Thursday, July 14, 2011
Many are talking about whether the U.S. should investigate Murdoch's News Corp for FCPA violations. Obviously no one has a crystal ball to predict whether this will or will not happen, but one thing is for sure - lodging an investigation would be like entering a minefield.
The obstacles facing prosecutors will be enormous, as they should be. Here are a few:
- Stretching the Statute- The FCPA, enacted in 1977, came on the heels of the Watergate Investigation that revealed extensive bribery by U.S. companies to foreign officials. Major corporations had paid foreign officials huge sums of money in order to obtain contracts and other business abroad. The "integrity of the free market" was a key aspect in the passage of the Act. Does this really sound like the allegations here?
- Extraterritoriality - A key concern has always been whether prosecuting extraterritorial conduct was proper. For example, in one FCPA case (Castle), the DOJ was barred from using conspiracy to violate the FCPA when it attempted to circumvent the prohibition against charging foreign officials. Would this really be a case of policing U.S. actors?

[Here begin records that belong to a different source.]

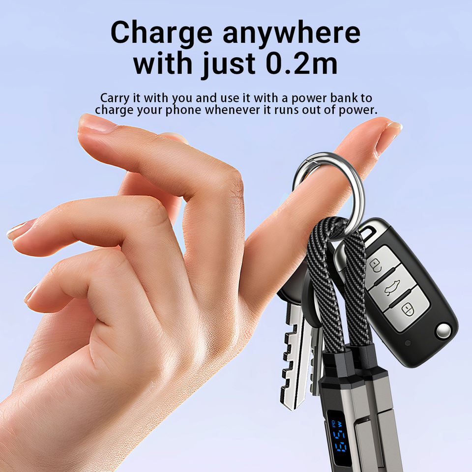 สายชาร์จเร็วแบบพกพา 65W 27W รุ่นใหม่ สายถัก 0.2 เมตร พร้อมสายคล้องพวงกุญแจ จอ LED แสดงผล 4 in 1 สาย USB C สำหรับ iPhone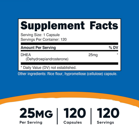 Nutricost DHEA 25 mg, 120 cápsulas - Sin gluten, sin soja, sin OMG, suplemento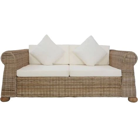 Thanks to the genuine rattan fitrit material, the sofa is easy to clean, hardwearing and suitable for daily use. It features a sturdy wooden frame, which is highly durable and stable. The thick seat and back cushions and pillows are considerably conformable and also washable thanks to their removable covers. In addition, the wide armrests add to your seating comfort.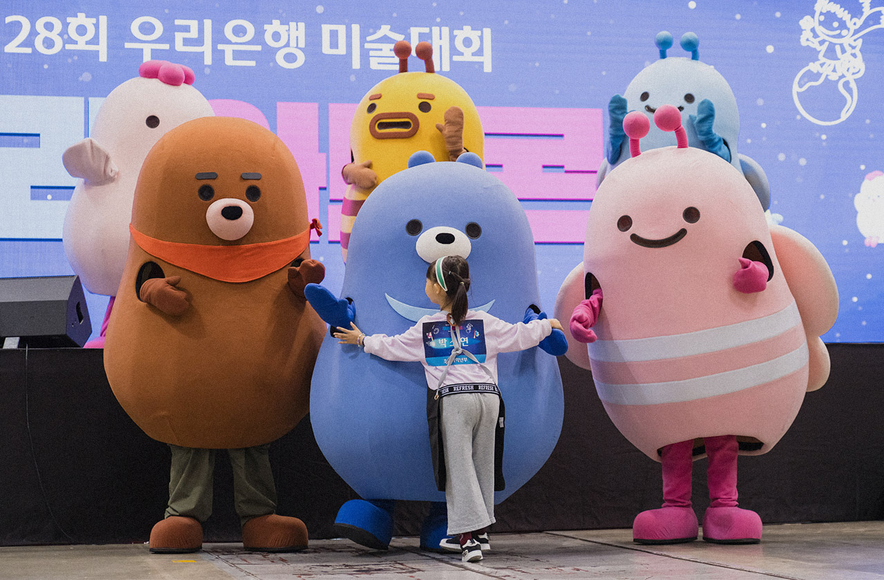 접수처에서 접수를 마친 참가자들은 각자 자리에 도구를 세팅하고, 막간을 이용해 위비프렌즈와 사진을 찍는 포토타임을 즐겼다. 그리고 오전 10시, 우리은행 조영주 아나운서의 안내를 시작으로 제28회 우리 아트콘의 막이 올랐다.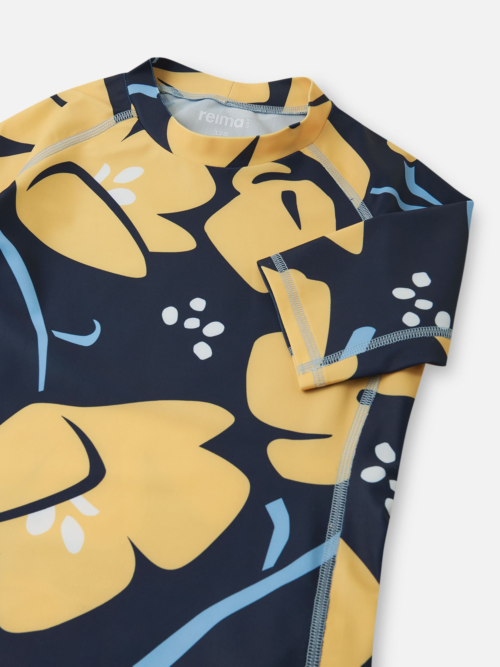 Футболка для плавання . Склад: 83% поліестер, 17% еластан Матеріал: SunProof jersey rec УФ захист 50+ Еластичний матеріал Відводить вологу від шкіри Швидковисихаючий матеріал Перероблений матеріал Містить перероблені волокна із сертифікатом якості|Reima SunProof: фактор захисту від ультрафіолету 50+|Плоскі шви забезпечують додатковий комфорт|Завужена модель|Додаткова підкладка для кращого захисту|Бокові вставки на рукавах та тілі для повної свободи рухів|Принт по всій поверхні Догляд: Прати з білизною однакового кольору, вивернувши навиворіт. Прати у спеціальному мішку. Прати миючим засобом, що не містить відбілюючих речовин. Полоскати без спеціального засобу. Сушити у захищеному від сонця місці. Після застосування прополоскати чистою водою. Дитяча футболка для плавання Joonia забезпечує комфорт та захист дітей під час активних ігор у воді. У сухому стані еластичний, швидковисихаючий матеріал відводить зайву вологу зі шкіри під час активностей. Він також забезпечує природний захист SPF 50+, тому діти можуть довше насолоджуватися сонцем. Ця футболка для плавання створена для свободи рухів та має додаткову підкладку спереду для зручності. Футболка Joonia ідеально підходить для купання в басейнах, озерах або океанах, дає дітям зручність та спокій батькам. Сонцезахисна футболка захищає лише шкіру під нею, тому не забудьте використовувати на відкритих ділянках шкіри лосьйон.

- Rogue Employees - Many companies have employees who break the rules. Companies with strong compliance programs have faced prosecution when individuals within the company exceed the boundaries of acceptable conduct. Unfortunately, Congress and the Court have failed to accept a good faith defense when a company tries to comply with the law. This case may present a testing ground for the importance of this principle that applies in many civil areas like harassment cases.
- Overcriminalization - Many are crying for "smart on crime" approaches to crime. Most importantly it is needed with a Congress that reacts to every public outcry with a responsive statute, irrespective of whether the conduct is already covered under law. Here the issue is more pronounced from a different perspective. Do we really need to prosecute what is occurring on the other side of the pond?
- Due Process - Contributing blogger Lawrence S. Goldman said it better than I could, "As much as I would enjoy seeing Murdoch in the dock, so to speak, I think it would be a terrible stretch to punish conduct committed in Britain by British citizens bribing British citizens to invade the privacy of British citizens in Britain. Even Murdoch and News Corp. deserve due process."
- Economics - If everything that is alleged to happen did in fact happen, it sure sounds pretty sad and it needs to get fully exposed and punished. But unless it will provide us with jobs, assist our budget, and not deplete from our precious prosecutorial resources, let's think twice about this one.
And we haven't even gotten to a discussion of all the procedural issues (e.g., getting the witnesses, evidence, and potential defendants to the U.S.)